All the things Aunt August had taught me when I was a little girl
, India mused, wondering if Corri would develop more proficiency in her domestic skills than India had.

“Well, it sounds as if you are learning very important things.”

“I am. And Nick said he’d teach me how to kick a soccer ball.” Corri stabbed at a circle of catsup on her plate with a fry.

“He did?”

“Yup. So I can play with the Girls Club again.”

“You’re only six.”

“Last year I played when I was five.” Corri got quiet all of a sudden. “Ry took me. And Nick said if I wanted to go again this year he would take me.”

“Do you think maybe you should go with Ollie and Darla?” India frowned. Funny, Nick had not mentioned that he had joined in the group effort to raise Corri.

“All the parents pitch in to do stuff for the team. Nick thought that maybe Aunt August wouldn’t want to, since practice is on her card night, so he said he would.”

“That was very nice of Nick.” India felt the lump returning to her throat. It seemed that everyone was taking an active part in Corri’s day-to-day, except for her. “Corri, you know that if I was here all the time, that I would take you to soccer? That I would do more things with you?”

“Now
I know. I wasn’t so sure until this time when you came home. But I am now.”

“I just wish there was some way for me to spend more time with you. Right now I am committed to following through with something I started months ago.” She thought of Alberto Minchot, awaiting trial behind the steel bars of Paloma’s finest accommodations.

“But if I needed you, you would come, wouldn’t you? If I really did?” Corri’s eyes were wide and guileless.

“Absolutely.” India responded without hesitation, knowing it was as true as anything she had ever known.
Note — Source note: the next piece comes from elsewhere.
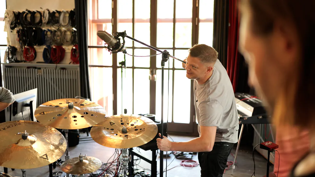 - フル装備のドラムキットに唯一無二のシンバルをセッティング
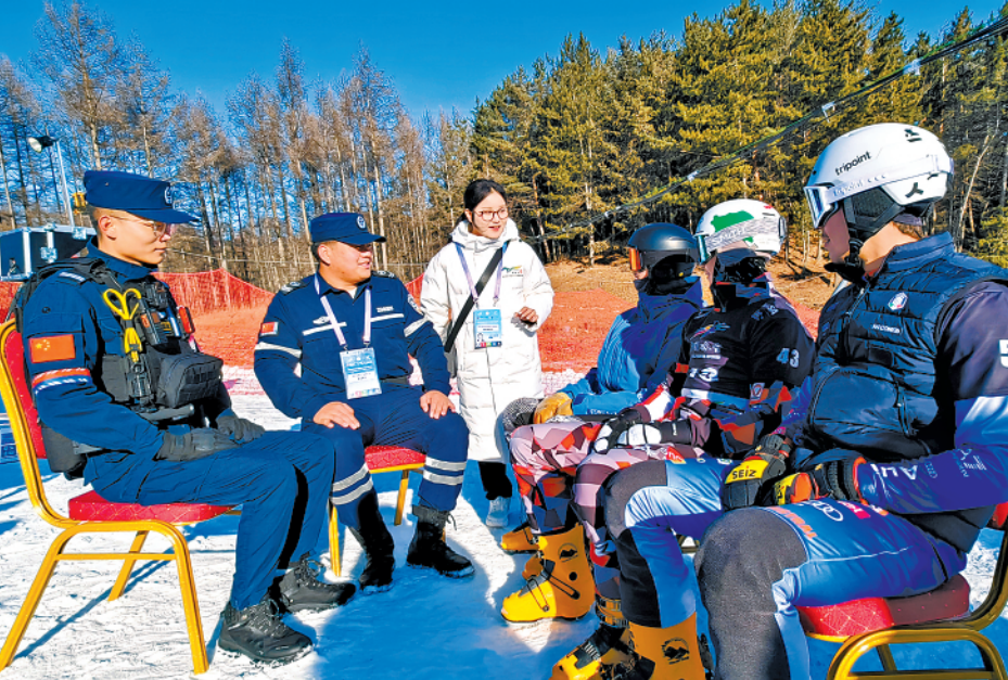 12月1日,2024—2025賽季國(guó)際雪聯(lián)單板滑雪平行大回轉(zhuǎn)世界杯比賽在內(nèi)蒙古自治區(qū)喀喇沁旗開(kāi)賽,為確保比賽順利進(jìn)行,喀喇沁旗公安局全力保障賽場(chǎng)內(nèi)外安全穩(wěn)定。圖為11月30日,民警在賽場(chǎng)內(nèi)與參賽運(yùn)動(dòng)員“話安全”。

“And when you’re all done, doing important stuff, will you always come back to Devlin’s Light?”

“Yes.”

“Then I guess it’s okay.” Corri shrugged and went back to the cabin she was building out of leftover fries.

India pondered the situation. Aunt August had been a fine
mother substitute for her and for Ry. She was, India knew, a woman whose heart had no boundaries, who dished out love with the same generosity of spirit as she dished out cherry cobbler at the church suppers. August was a wise disciplinarian, a wonderfully pleasant companion, and she possessed a sharp sense of both humor and fair play.

But it seemed as if Corri had twice lost out on having a real mom, the first time when Maris died, the second time when Ry died and Corri’s hopes of being able to share Ollie’s mom vanished. Now she looked to India to fill the empty spot all the leavings had left in her little heart. Afraid to ask for too much, Corri tried to be content with whatever India saw fit to give of herself. In her heart, Indy knew it hadn’t been near enough. In the coming months, she would, one way or another, find a way to change the glass from half empty to full.

Chapter 9

The stones crunching rudely under the tires of India’s car as it wound up the narrow lane from the main road to Nick’s cabin disturbed the nocturnal marsh in the same manner in which the crackling of paper would disturb the silence of a chapel. She hadn’t remembered the road being this long or this dark. Rolling down the window to let in the sounds of the night, she crept along, careful to keep the car straight on the road—if this carpet of stones could be called a road—and off the soft shoulders from which a slide into the ooze of the tidal marsh was just a poorly calculated turn of the wheel away on either side. She approached a small wooden bridge that stretched across a meandering stream, braking to avoid taking it too quickly and perhaps missing a turn up ahead and finding herself in need of a tow out of the thick black goo that lined the bottom of the swamp.

It was still warm enough that a few mosquitoes, that scourge of the New Jersey coast, made their presence heard. And felt. India slapped at an overly eager specimen that had seemingly bitten her arm immediately upon its landing there. With her index finger she flicked its crushed corpse through the open window as she reached the end of the lane. Parking behind Nick’s white Pathfinder, she cut the engine and stepped into the light cast by the sensor-activated spot
mounted on the back of the cabin, which served to illumine the entire flat parking area.

From the stand of pine that formed a border between the lane and the woods just to the left of her car she heard a rustling sound. Raccoons, most likely, she thought, or perhaps foxes. Off in the distance, the shrill high scream of something, caught in the talons of an owl or perhaps a night heron, protested its plight. The sound rang up her spine like a bell struck too hard. It jarred her nerves and sent her just a little more quickly on her way toward the deck, which wrapped around to the front of the house to face the bay.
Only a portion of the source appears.